## [ENTRIES SUPPLIED]
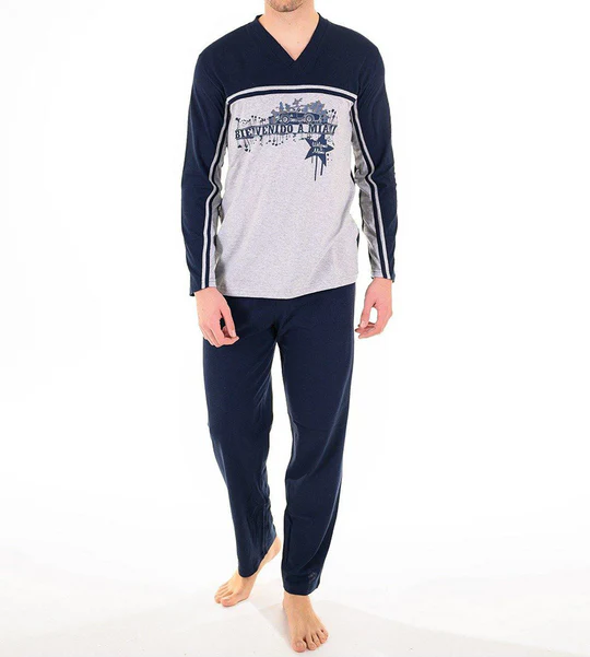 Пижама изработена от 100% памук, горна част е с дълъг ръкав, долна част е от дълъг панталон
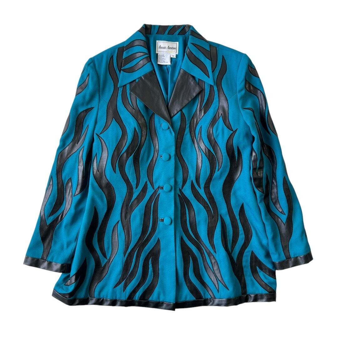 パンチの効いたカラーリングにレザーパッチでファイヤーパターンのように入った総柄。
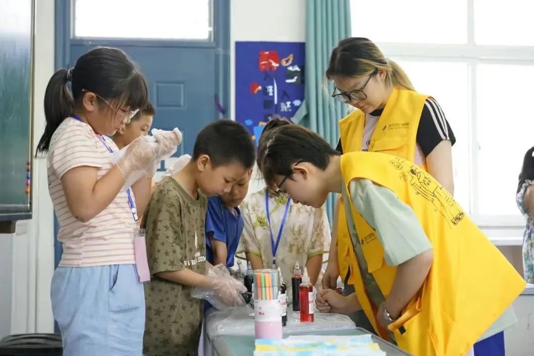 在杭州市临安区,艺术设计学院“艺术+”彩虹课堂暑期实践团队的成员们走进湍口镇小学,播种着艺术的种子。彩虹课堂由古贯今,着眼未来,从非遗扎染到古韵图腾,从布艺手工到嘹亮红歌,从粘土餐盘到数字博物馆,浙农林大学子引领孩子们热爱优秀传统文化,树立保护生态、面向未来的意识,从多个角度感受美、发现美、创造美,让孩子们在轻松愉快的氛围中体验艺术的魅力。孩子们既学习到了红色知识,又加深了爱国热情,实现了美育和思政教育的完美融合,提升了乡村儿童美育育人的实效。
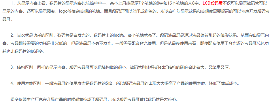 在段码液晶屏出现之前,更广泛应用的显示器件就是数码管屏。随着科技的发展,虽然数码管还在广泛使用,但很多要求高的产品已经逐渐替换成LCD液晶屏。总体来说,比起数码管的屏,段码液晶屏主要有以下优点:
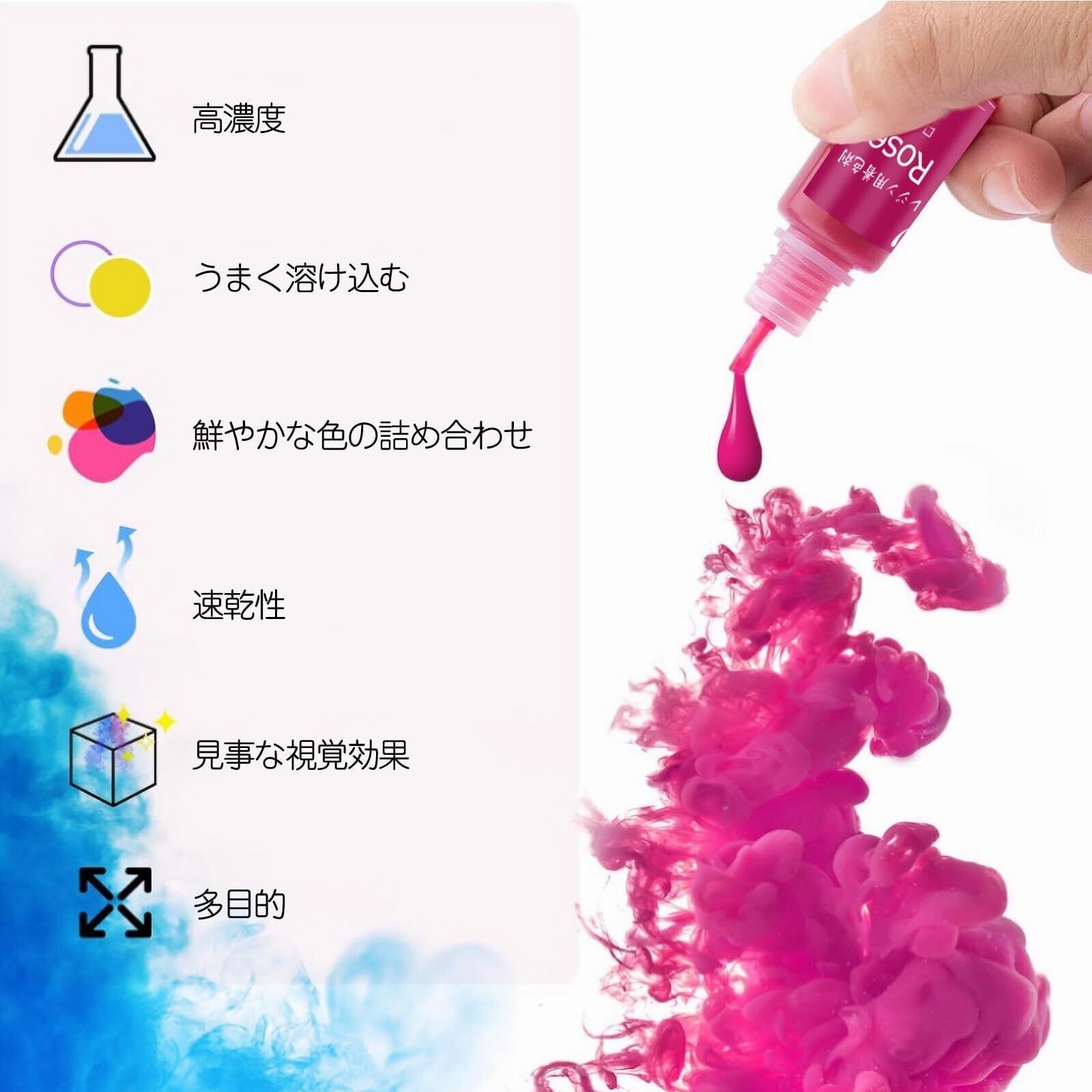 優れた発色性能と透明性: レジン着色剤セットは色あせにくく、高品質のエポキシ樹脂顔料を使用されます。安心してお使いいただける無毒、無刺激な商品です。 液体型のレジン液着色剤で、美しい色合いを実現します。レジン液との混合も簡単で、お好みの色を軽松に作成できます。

## [TASK GOAL]
From the first line to the last, print the records exactly; leave out the pictures.

## [REPLY TO THE TASK]
 Пижама изработена от 100% памук, горна част е с дълъг ръкав, долна част е от дълъг панталон
 パンチの効いたカラーリングにレザーパッチでファイヤーパターンのように入った総柄。
 在杭州市临安区,艺术设计学院“艺术+”彩虹课堂暑期实践团队的成员们走进湍口镇小学,播种着艺术的种子。彩虹课堂由古贯今,着眼未来,从非遗扎染到古韵图腾,从布艺手工到嘹亮红歌,从粘土餐盘到数字博物馆,浙农林大学子引领孩子们热爱优秀传统文化,树立保护生态、面向未来的意识,从多个角度感受美、发现美、创造美,让孩子们在轻松愉快的氛围中体验艺术的魅力。孩子们既学习到了红色知识,又加深了爱国热情,实现了美育和思政教育的完美融合,提升了乡村儿童美育育人的实效。
 在段码液晶屏出现之前,更广泛应用的显示器件就是数码管屏。随着科技的发展,虽然数码管还在广泛使用,但很多要求高的产品已经逐渐替换成LCD液晶屏。总体来说,比起数码管的屏,段码液晶屏主要有以下优点:
 優れた発色性能と透明性: レジン着色剤セットは色あせにくく、高品質のエポキシ樹脂顔料を使用されます。安心してお使いいただける無毒、無刺激な商品です。 液体型のレジン液着色剤で、美しい色合いを実現します。レジン液との混合も簡単で、お好みの色を軽松に作成できます。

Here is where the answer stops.